1882. Process Tasks Using Servers - Explanation

1. Brute Force (Simulation)

class Solution:
    def assignTasks(self, servers: List[int], tasks: List[int]) -> List[int]:
        n, m = len(servers), len(tasks)
        available = [True] * n
        finishTime = [0] * n
        res = []
        time = 0

        for t in range(m):
            time = max(time, t)

            for i in range(n):
                if finishTime[i] <= time:
                    available[i] = True

            if not any(available):
                time = min(finishTime)
                for i in range(n):
                    if finishTime[i] <= time:
                        available[i] = True

            minIdx = -1
            for i in range(n):
                if (available[i] and
                    (minIdx == -1 or servers[i] < servers[minIdx] or
                    (servers[i] == servers[minIdx] and i < minIdx))
                ):
                    minIdx = i

            res.append(minIdx)
            available[minIdx] = False
            finishTime[minIdx] = time + tasks[t]

        return res

Time & Space Complexity

Time complexity: $O(m * n)$
Space complexity:
- $O(n)$ extra space.
- $O(m)$ space for the output array.

Where $m$ is the number of tasks and $n$ is the number of servers.

2. Two Min-Heaps - I

class Solution:
    def assignTasks(self, servers: List[int], tasks: List[int]) -> List[int]:
        res = [0] * len(tasks)
        available = [(servers[i], i) for i in range(len(servers))]
        heapq.heapify(available)
        unavailable = []

        t = 0
        for i in range(len(tasks)):
            t = max(t, i)

            if not available:
                t = unavailable[0][0]

            while unavailable and t >= unavailable[0][0]:
                timeFree, weight, index = heapq.heappop(unavailable)
                heapq.heappush(available, (weight, index))

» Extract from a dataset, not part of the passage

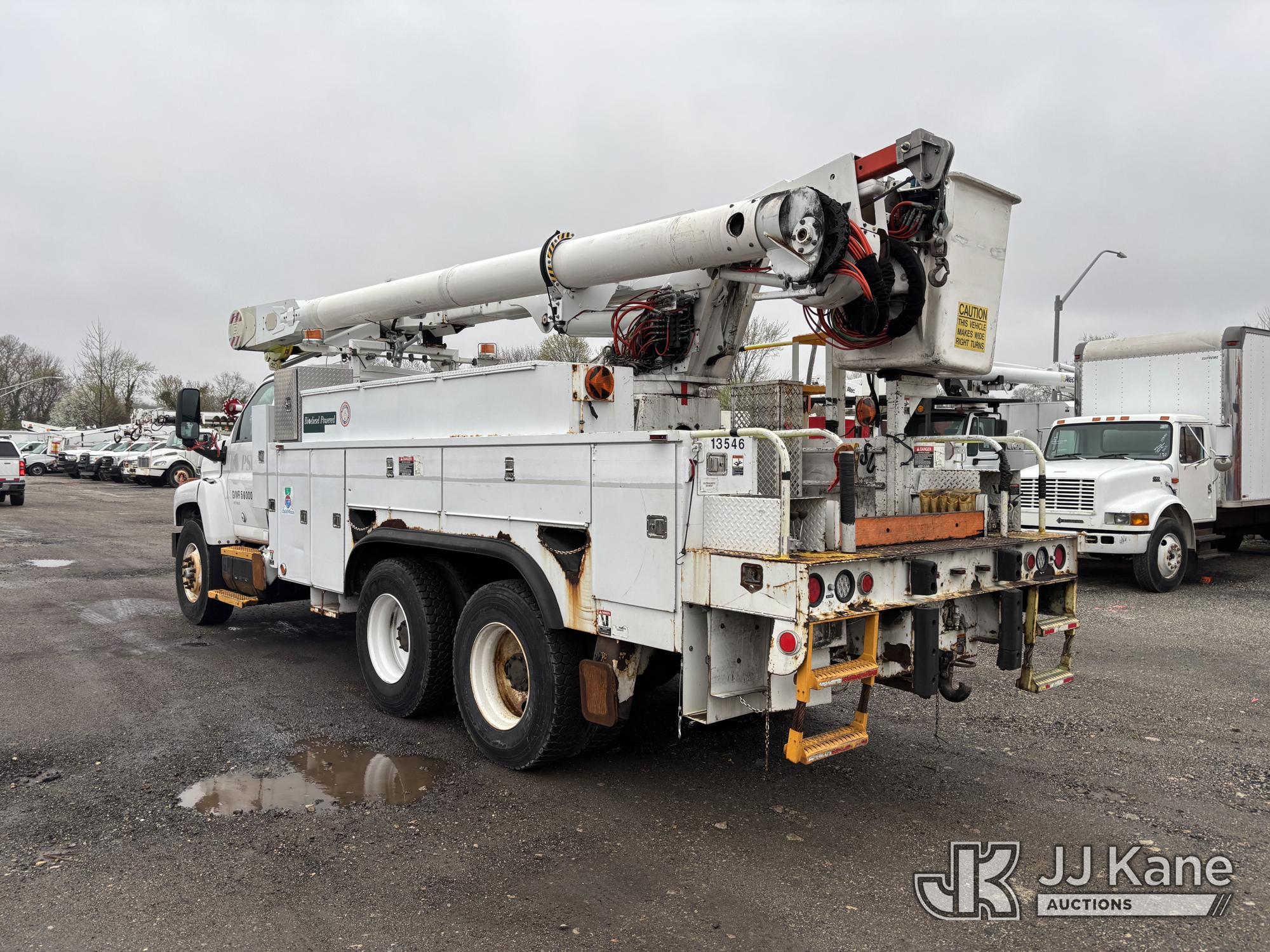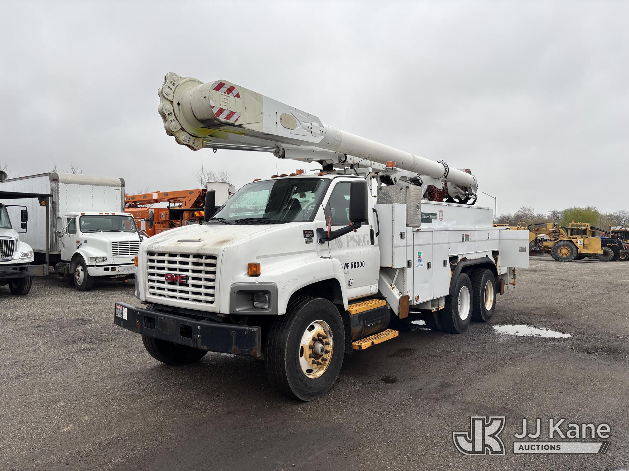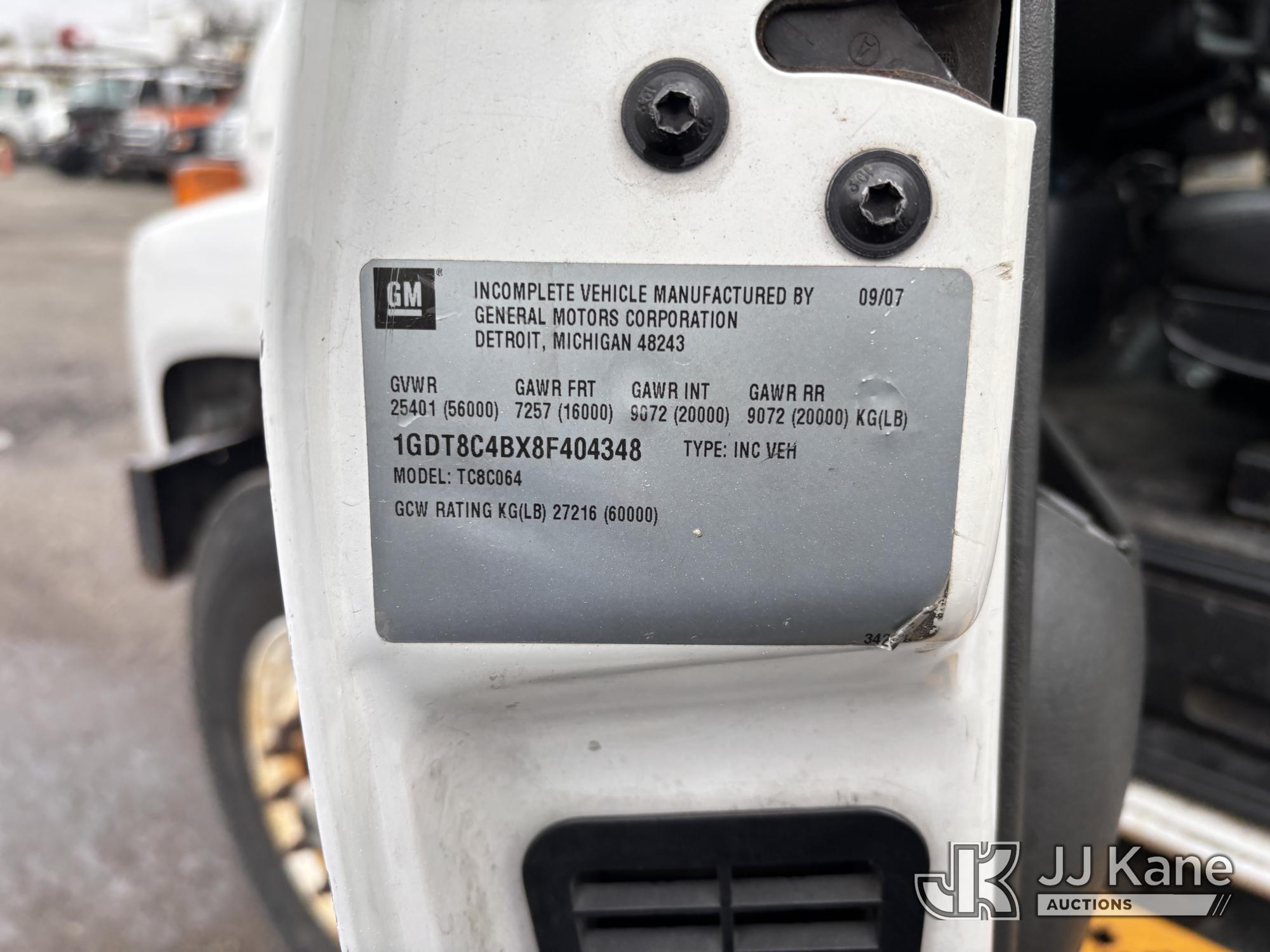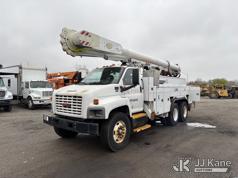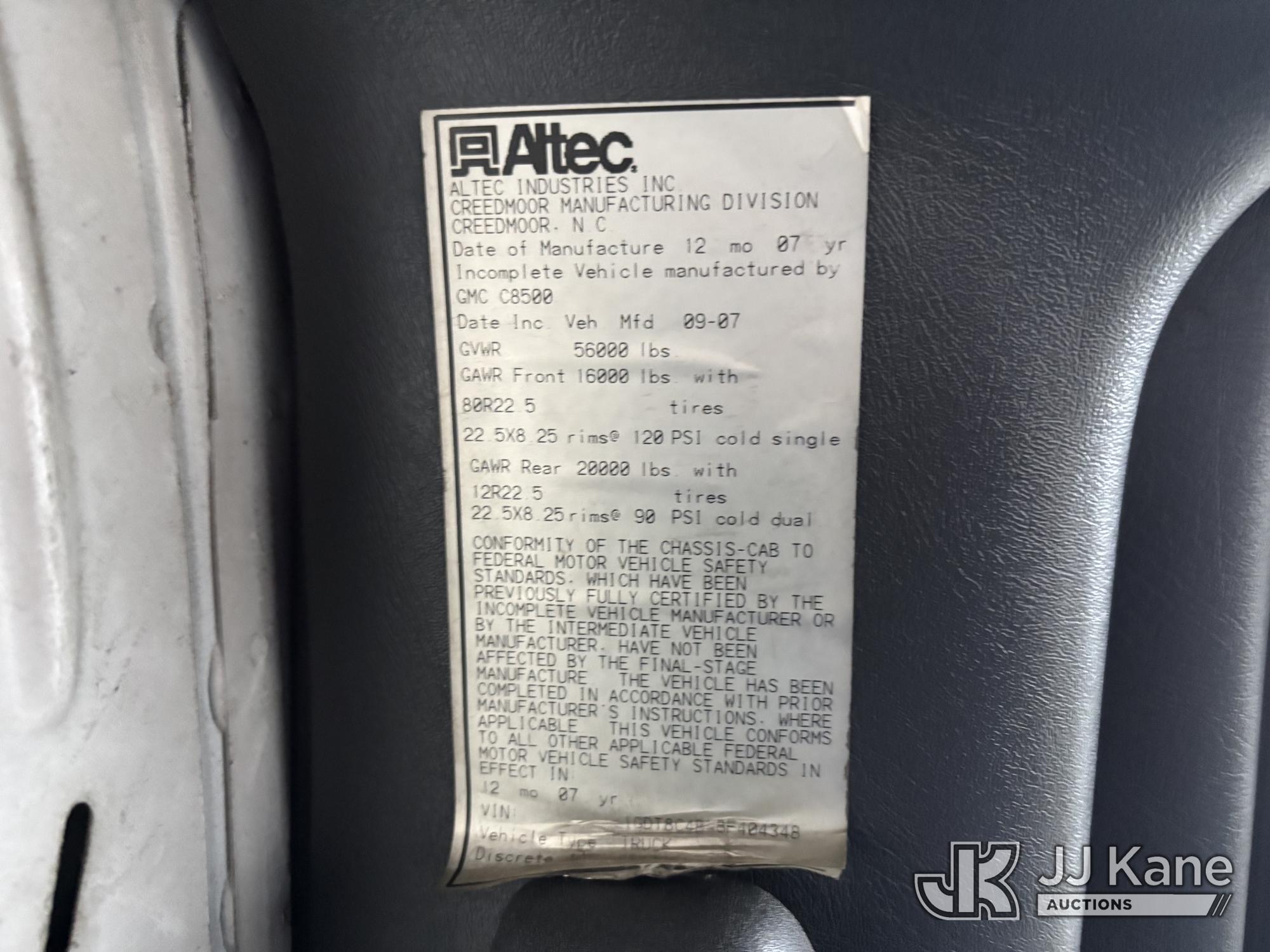 Altec AM55-MH, 60 ft, Over-Center Material Handling Bucket Truck s/n 0807DM1712, with Single - Man Bucket & 4 Outriggers, rear mounted on 2008 GMC C8500 T/A Utility Truck, Isuzu diesel, Auto, A/C, (64,623 miles) (Runs, Moves, Parts Off of Upper, Upper Condition Unknown – Requires ANSI Inspection for Repair/Replacement Requirements) This is a Titled Item*

            weight, index = heapq.heappop(available)
            res[i] = index
            heapq.heappush(unavailable, (t + tasks[i], weight, index))

        return res

Time & Space Complexity

Time complexity: $O((n + m) \log n)$
Space complexity:
- $O(n)$ extra space.
- $O(m)$ space for the output array.

Where $m$ is the number of tasks and $n$ is the number of servers.

3. Two Min-Heaps - II

class Solution:
    def assignTasks(self, servers: List[int], tasks: List[int]) -> List[int]:
        res = []
        available = [[weight, i, 0] for i, weight in enumerate(servers)]
        unavailable = []
        heapq.heapify(available)

        for i, task in enumerate(tasks):
            while unavailable and unavailable[0][0] <= i or not available:
                timeFree, weight, index = heapq.heappop(unavailable)
                heapq.heappush(available, [weight, index, timeFree])

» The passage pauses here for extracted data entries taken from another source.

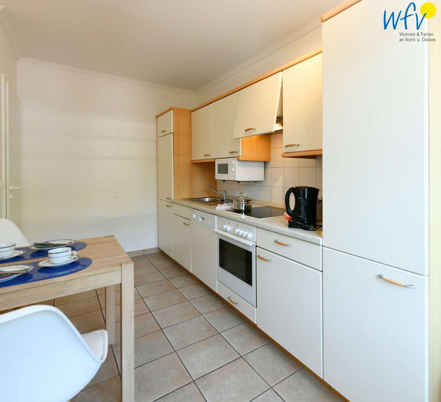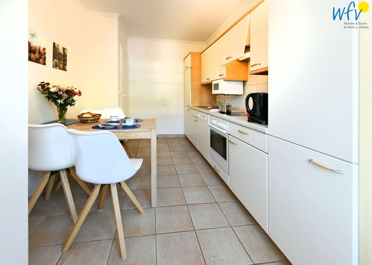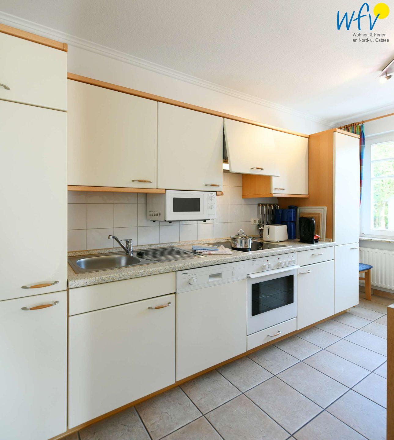 In der separaten Küche mit Essplatz lassen sich bequem leckere Mahlzeiten zubereiten. Sie ist u.a. mit Herd, Backofen, Mikrowelle und Spülmaschine ausgestattet.
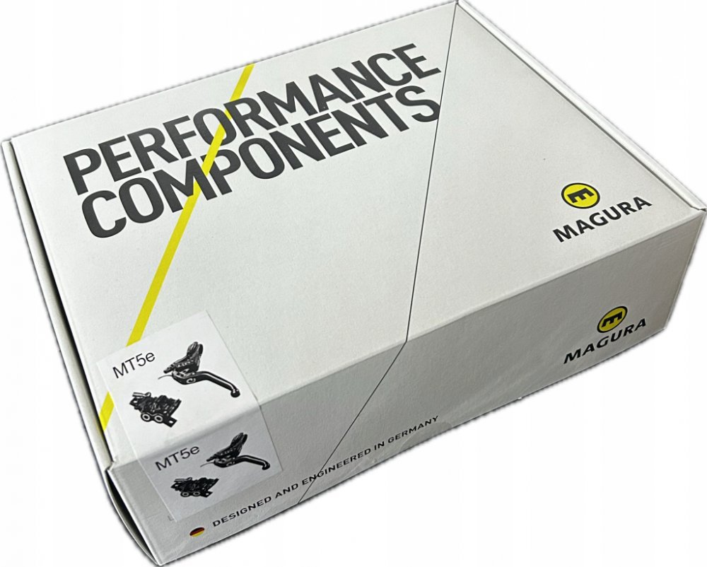 Jeden set sestává z Carbotecture brzdové páky, která drží hmotnost přijatelně nízko a je uzpůsobena pro 2-3 prsty. Z páčky je vyvedený kabel pro funkci odpojování elektrického pohonu kola (brzda je typu Normally Open). Další částí setu je vedení naplněné Magura Roya...
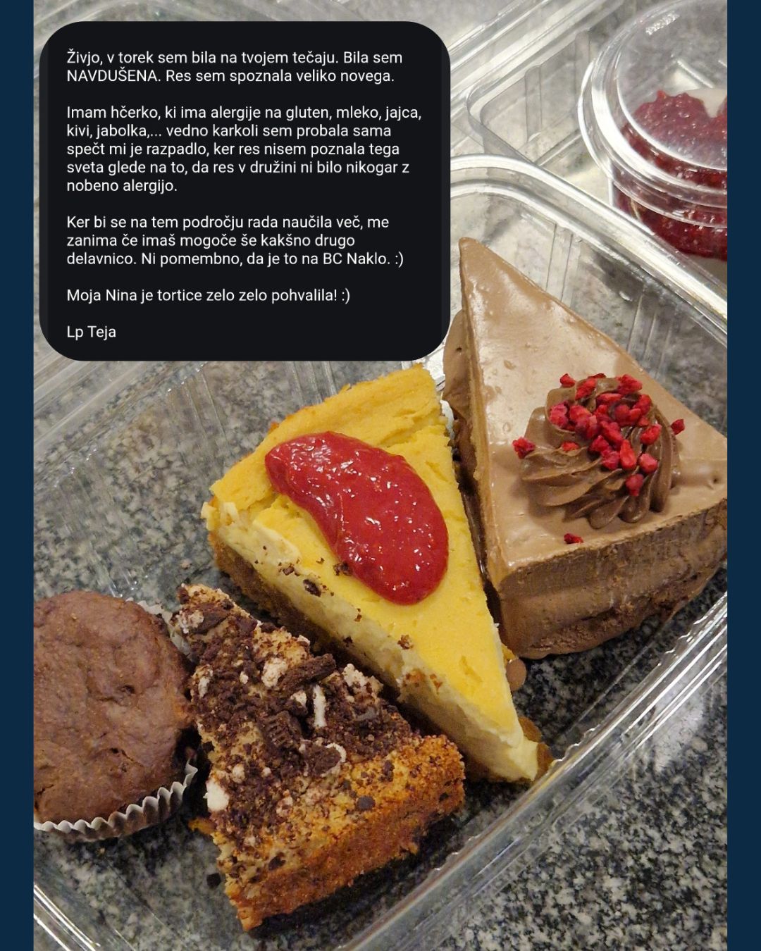 👉 brownieji, mousse, cheesecake, biskviti in še več

            weight, index, timeFree = heapq.heappop(available)
            res.append(index)
            heapq.heappush(unavailable, [max(timeFree, i) + task, weight, index])

        return res

Time & Space Complexity

Time complexity: $O((n + m) \log n)$
Space complexity:
- $O(n)$ extra space.
- $O(m)$ space for the output array.

Where $m$ is the number of tasks and $n$ is the number of servers.